_Data shown_:
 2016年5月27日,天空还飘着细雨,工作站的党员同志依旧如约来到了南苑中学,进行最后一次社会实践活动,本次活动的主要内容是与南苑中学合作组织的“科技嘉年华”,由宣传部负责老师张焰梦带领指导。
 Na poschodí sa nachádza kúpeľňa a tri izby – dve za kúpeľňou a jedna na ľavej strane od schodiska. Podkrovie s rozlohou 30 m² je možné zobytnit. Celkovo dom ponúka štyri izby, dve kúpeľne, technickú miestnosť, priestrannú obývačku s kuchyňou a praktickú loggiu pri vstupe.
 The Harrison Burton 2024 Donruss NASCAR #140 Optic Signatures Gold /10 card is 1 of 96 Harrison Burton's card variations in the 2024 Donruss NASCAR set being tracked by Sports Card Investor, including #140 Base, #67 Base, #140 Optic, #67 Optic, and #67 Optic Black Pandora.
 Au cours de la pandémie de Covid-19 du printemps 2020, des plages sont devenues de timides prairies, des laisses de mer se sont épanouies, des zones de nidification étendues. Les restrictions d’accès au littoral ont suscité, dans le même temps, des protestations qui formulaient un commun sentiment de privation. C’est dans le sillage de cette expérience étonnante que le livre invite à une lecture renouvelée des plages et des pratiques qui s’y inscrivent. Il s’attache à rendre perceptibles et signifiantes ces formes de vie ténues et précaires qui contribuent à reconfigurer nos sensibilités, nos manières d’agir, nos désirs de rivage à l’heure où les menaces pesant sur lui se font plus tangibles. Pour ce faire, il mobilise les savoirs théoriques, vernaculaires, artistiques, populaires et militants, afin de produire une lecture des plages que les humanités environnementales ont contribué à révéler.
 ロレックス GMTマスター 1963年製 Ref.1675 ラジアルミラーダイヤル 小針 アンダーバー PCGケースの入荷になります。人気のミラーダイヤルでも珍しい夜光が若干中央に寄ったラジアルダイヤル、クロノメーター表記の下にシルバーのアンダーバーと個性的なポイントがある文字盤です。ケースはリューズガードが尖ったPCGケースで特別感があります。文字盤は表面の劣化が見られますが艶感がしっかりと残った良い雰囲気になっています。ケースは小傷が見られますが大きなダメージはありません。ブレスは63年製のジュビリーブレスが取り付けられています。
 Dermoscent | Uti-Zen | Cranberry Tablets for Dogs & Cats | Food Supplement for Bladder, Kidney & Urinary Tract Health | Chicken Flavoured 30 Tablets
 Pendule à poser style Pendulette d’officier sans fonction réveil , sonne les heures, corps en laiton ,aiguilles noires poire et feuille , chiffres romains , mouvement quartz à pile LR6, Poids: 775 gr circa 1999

---

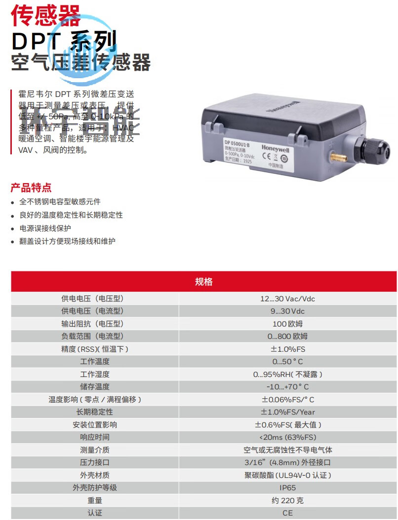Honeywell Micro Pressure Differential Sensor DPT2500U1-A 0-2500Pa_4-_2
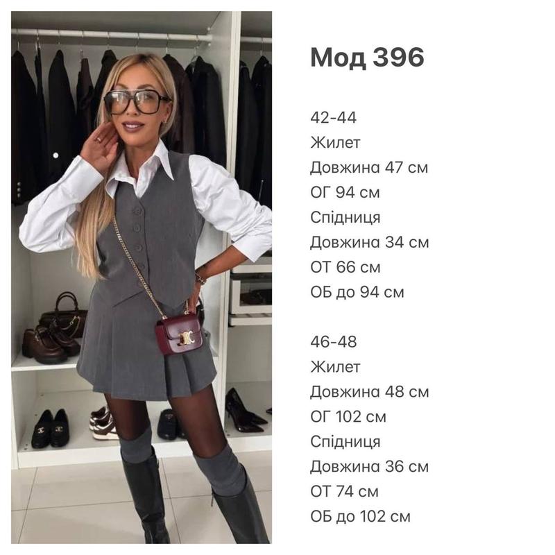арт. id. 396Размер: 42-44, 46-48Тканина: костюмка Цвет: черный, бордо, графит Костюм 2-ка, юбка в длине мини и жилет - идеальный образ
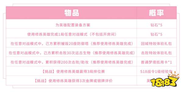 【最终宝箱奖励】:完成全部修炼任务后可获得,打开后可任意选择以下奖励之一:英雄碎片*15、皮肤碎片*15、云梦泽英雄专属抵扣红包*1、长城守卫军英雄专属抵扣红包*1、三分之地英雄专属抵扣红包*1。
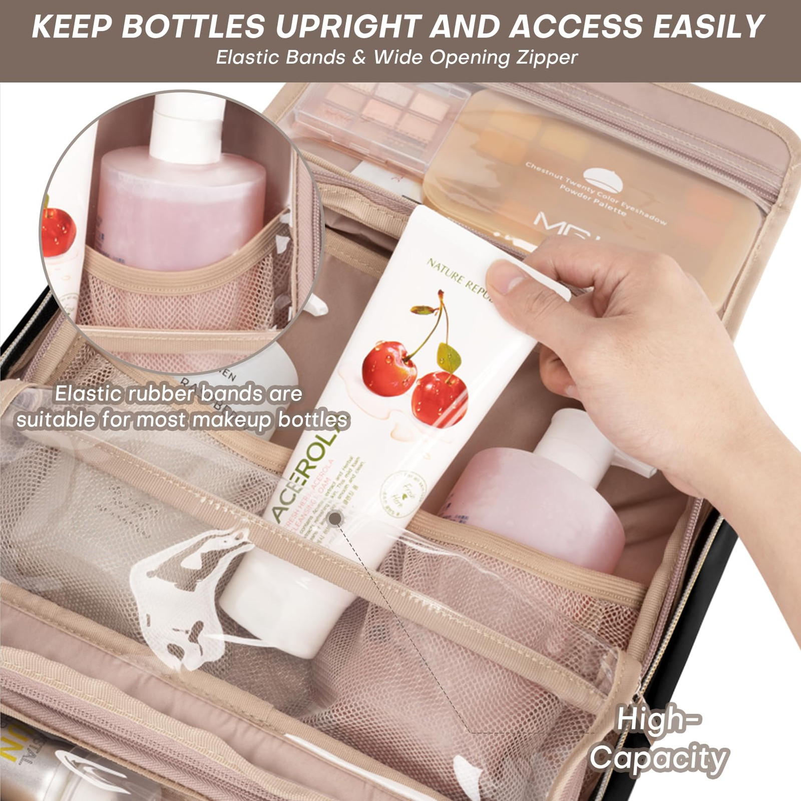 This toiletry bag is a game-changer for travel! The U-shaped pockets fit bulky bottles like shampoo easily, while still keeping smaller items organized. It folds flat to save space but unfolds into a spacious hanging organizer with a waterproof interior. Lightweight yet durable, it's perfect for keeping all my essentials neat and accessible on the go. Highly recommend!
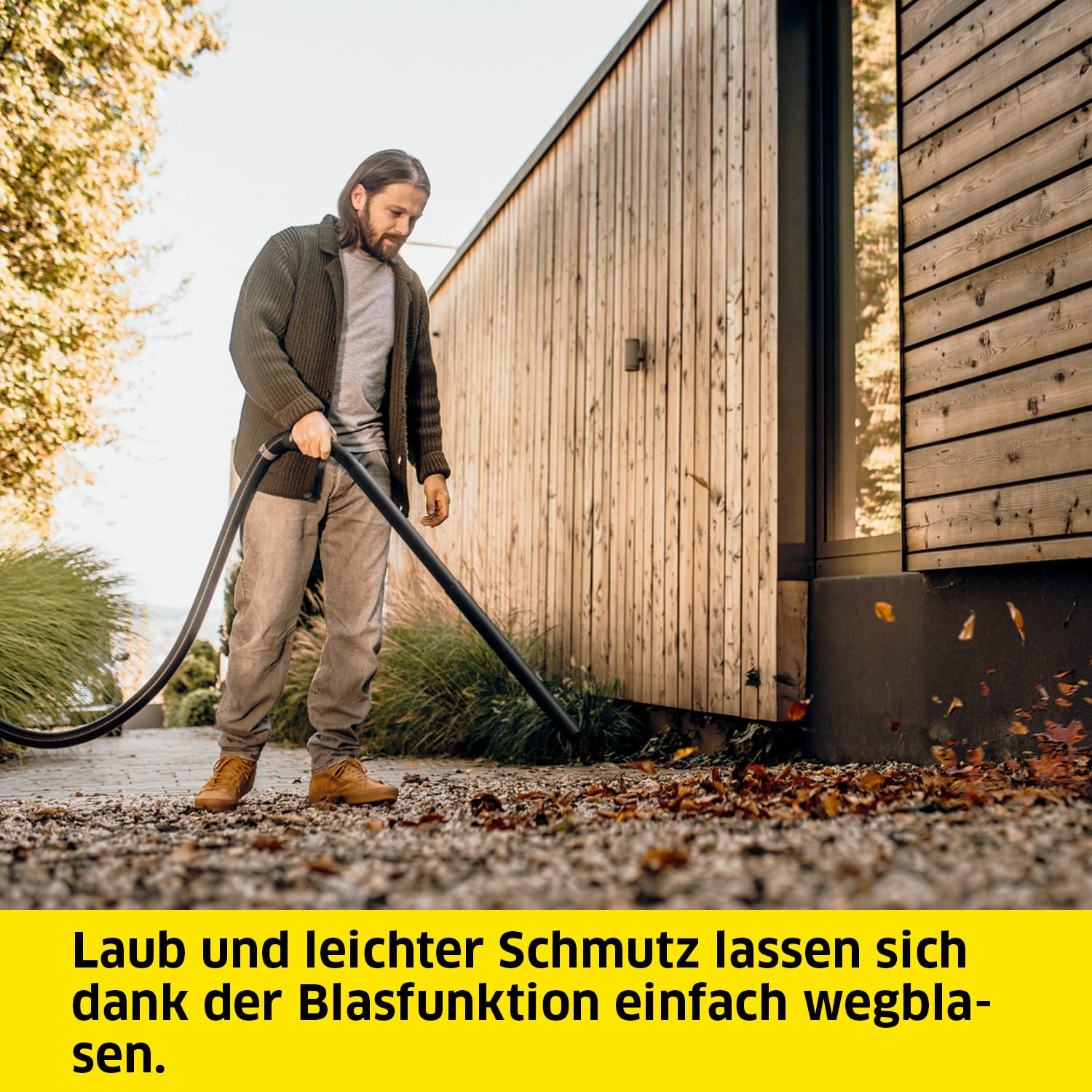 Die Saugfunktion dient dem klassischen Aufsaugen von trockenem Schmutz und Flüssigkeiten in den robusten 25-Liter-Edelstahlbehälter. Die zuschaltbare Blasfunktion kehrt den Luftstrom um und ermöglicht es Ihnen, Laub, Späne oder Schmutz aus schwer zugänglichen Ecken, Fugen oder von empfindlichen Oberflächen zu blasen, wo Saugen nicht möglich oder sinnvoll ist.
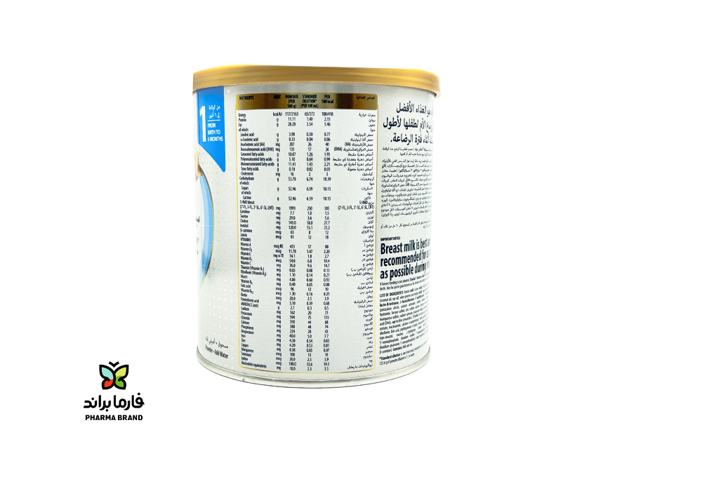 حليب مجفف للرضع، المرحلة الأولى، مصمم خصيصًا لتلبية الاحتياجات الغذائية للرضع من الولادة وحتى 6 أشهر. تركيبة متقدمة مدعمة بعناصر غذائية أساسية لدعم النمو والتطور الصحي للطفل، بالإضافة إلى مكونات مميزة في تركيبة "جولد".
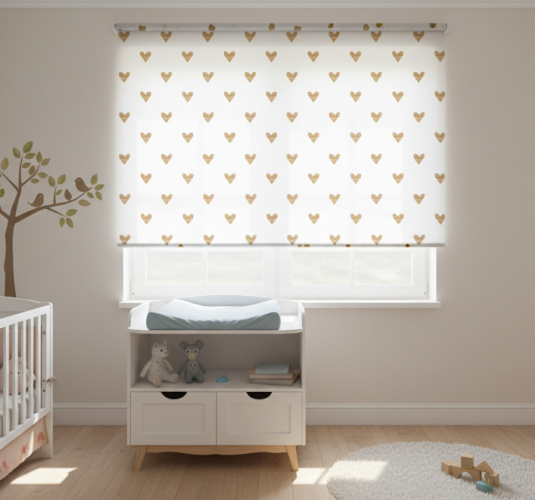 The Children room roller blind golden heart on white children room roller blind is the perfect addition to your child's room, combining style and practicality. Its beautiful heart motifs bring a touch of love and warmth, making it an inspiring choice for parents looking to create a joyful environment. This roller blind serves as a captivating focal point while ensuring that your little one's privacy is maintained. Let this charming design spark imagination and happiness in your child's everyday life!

==

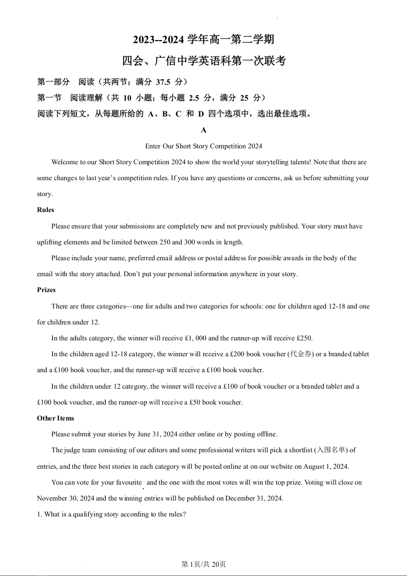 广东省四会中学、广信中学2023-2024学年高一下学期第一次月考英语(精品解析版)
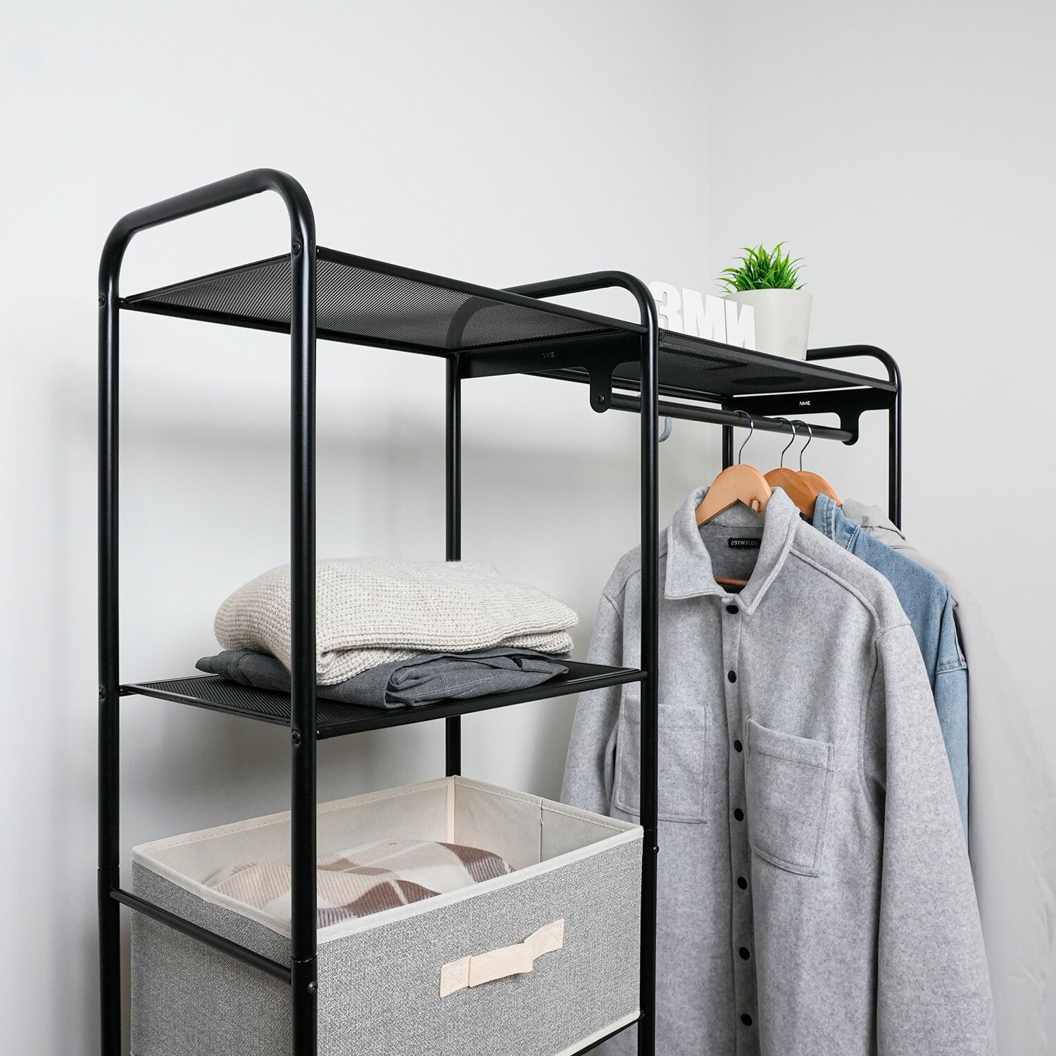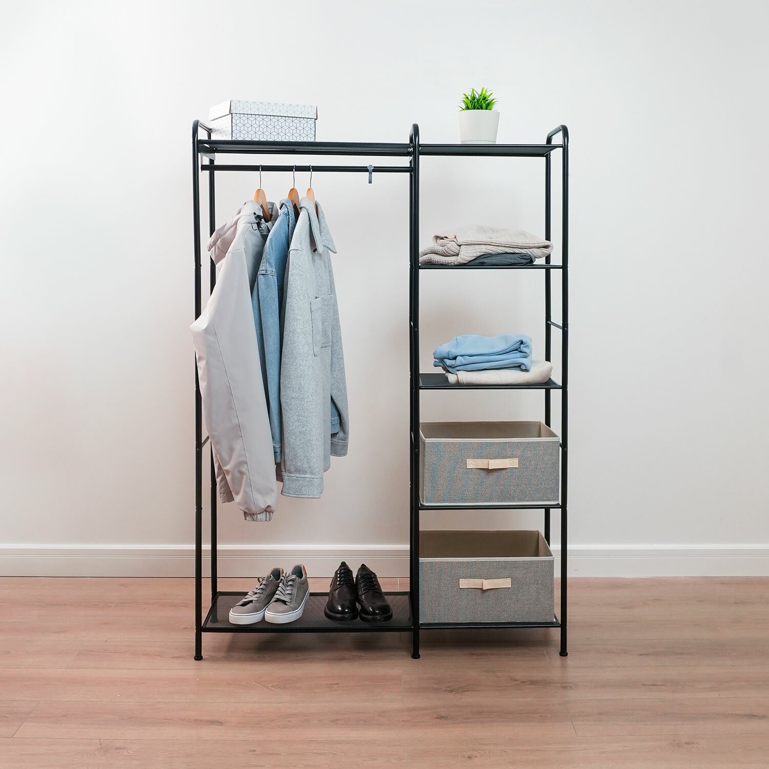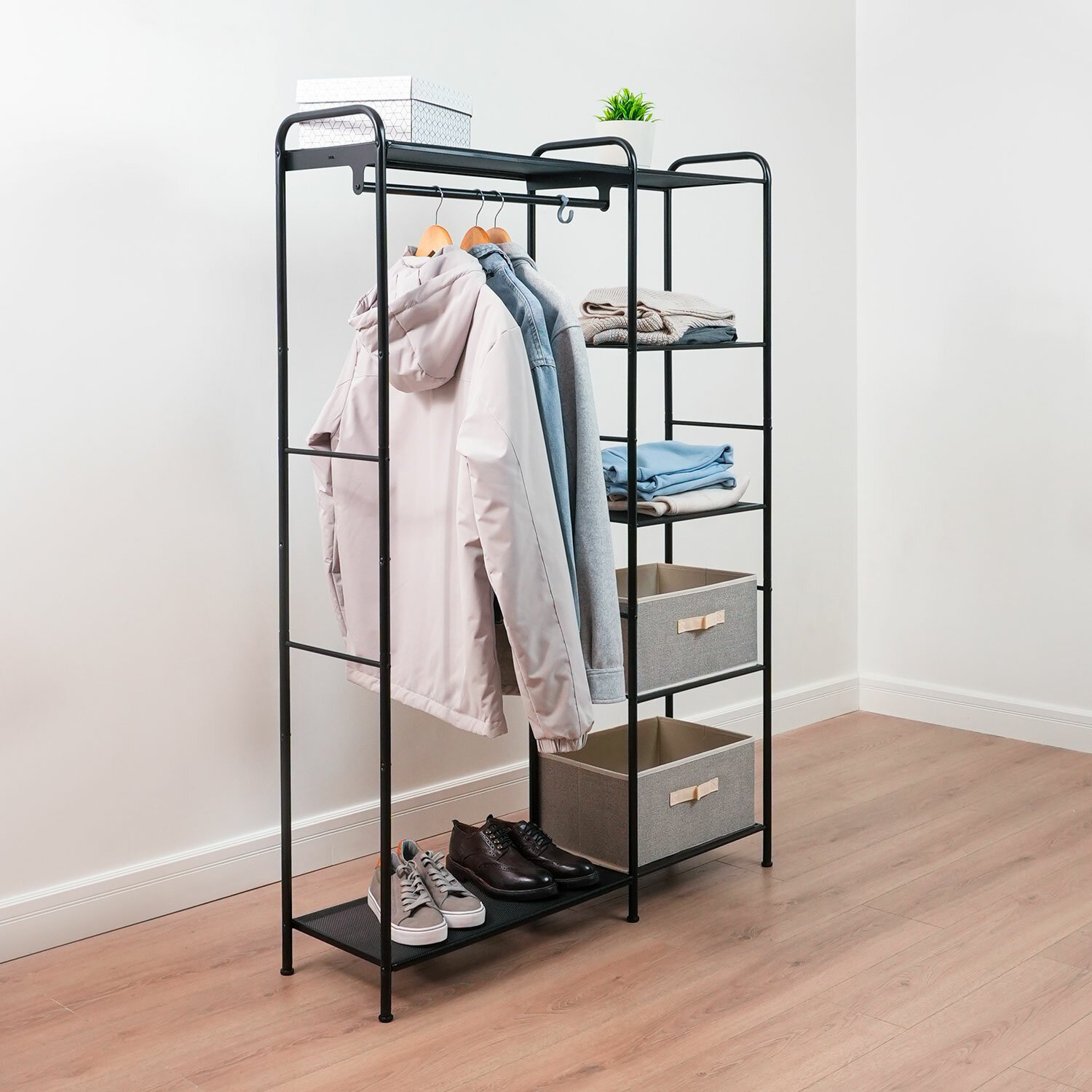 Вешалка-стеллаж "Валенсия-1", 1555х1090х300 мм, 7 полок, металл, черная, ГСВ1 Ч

_How to complete this task_: Would you copy, word for word, only the lines above from the one containing "广东省四会中学、广信中学20" through the one containing "черная, ГСВ1 Ч", both included, and please leave out the pictures?

_Result of this task_:
 广东省四会中学、广信中学2023-2024学年高一下学期第一次月考英语(精品解析版)
 Вешалка-стеллаж "Валенсия-1", 1555х1090х300 мм, 7 полок, металл, черная, ГСВ1 Ч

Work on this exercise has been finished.